According to him, “on several occasions, it was held that the court should absolutely be bound by the doctrine of precedent or stare decisis”, which in effect, means “stand by your decisions and the decisions of your predecessors, however wrong they are and whatever injustices they inflict”.
He saidd that abiding by such principle would mean that the Supreme Court would continue to follow some of its previous judgements that no longer make sense. “There are some precedents that are clearly out of date, and should no longer be followed. I am of the view that precedents that no longer make sense anymore or are outdated should be laid to rest and never followed”, he stated.
Justice Rhodes-Vivour has not told us anything new. He has told us what we already know, that is to say, that the Nigerian judiciary no longer passes landmark, compact and water-tight judgements. Gone were the days when one looks forward to an unbiased judgement from the courts in Nigeria, judgements that make meaning, and not repugnant to common sense.
It is either that those in power use their position to pervert justice, to intimidate the courts into awarding cases in their favour, or that those who have the means use their wealth to procure judgements that will be favourable to them. In both cases, the common man is the loser.
In 1984, there was one Justice Gregory Okoro-Idogu who headed the Port Harcourt zone of the Exchange Control (Anti-Sabotage) Tribunal set up by the Buhari military government to try those who traffic in both local and foreign currencies. Before Justice Okoro-Idogu, was Fela Anikulapo Kuti, music icon and social critic. He was charged with trying to export 1,600 British Pound Sterling without lawful permit.
Fela was not in the good books of the authorities. It was therefore an excellent opportunity to get at him. He tried to explain himself before the tribunal, that he was innocent of the charges brought against him, but nobody listened to him. Accordingly, he was found guilty of illegal possession of the money and sentenced to five years imprisonment. The authorities were happy, so to say, and they promoted Okoro-Idogu to Federal High Court Judge.
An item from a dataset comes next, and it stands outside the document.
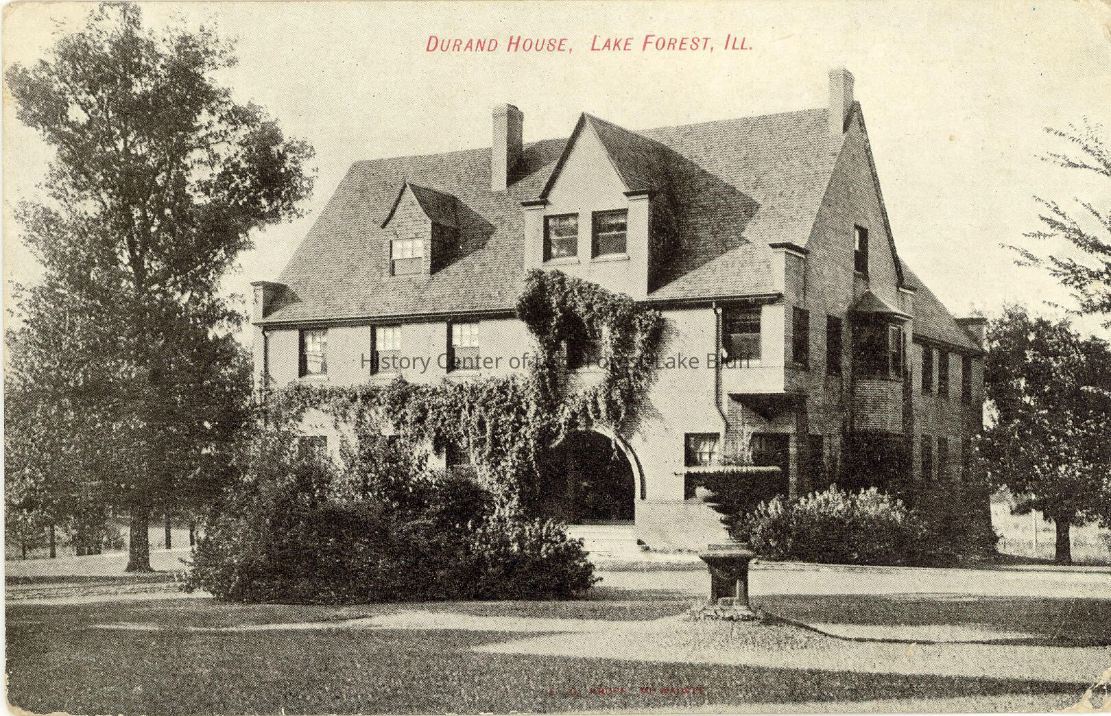 Postcard photograph of Durand House in Lake Forest, Illinois.Three-story house has gabled roof and dormers, arched entry, and fountain in front. On the reverse, no message written, only addressed to Miss Nellie Barrie, 168-45th Street, Chicago, postmarke 1907Lexicon

Later, when another administration came, Justice Okoro-Idogu became restless. His conscience began to prick him. He was worried. He decided to do a mea culpa, to ask for mercy and forgiveness. He made his way to Maidugiri, where Fela was serving his prison term.
There, he told Fela that he was sorry for what he did, that he was wrongly imprisoned, that it was not his intention to imprison him, that he knew that he did not commit the offence, but that it was the authorities that forced him to do what he did. Based on that confessional statement, Fela was set free from prison, and Justice Okoro-Idogu retired.
Today, they are many judges in Nigeria who are worse than Justice Okoro-Idogu, but they will not do any mea culpa, like he did. Somebody, sometime ago, had suggested that we stop appending the title “Justice” before the name of these men and women who sit on the bench, since many of them had desecrated the title.
Our worry is why did it take Justice Rhodes-Vivour to retire from the Supreme Court before he realized that we should no longer use the decisions of our apex court as reference points? If he was a man of conscience, and he was interested in reforming the Nigerian judicial system, he should have distanced himself from such judgements that impugned the integrity of Nigerian judiciary. Better to have one’s honour and integrity intact, than to soil it for pecuniary interests, or for whatever reason. But here in Nigeria, nobody resigns from office, no matter how bad the situation is.
Nevertheless, we still look forward to a time when our judiciary will produce judges who will be of impeccable character, who will be bold and fearless, and whose judgements will be untainted, unassailable, sound, and be on the marble like the celebrated Lord Denning.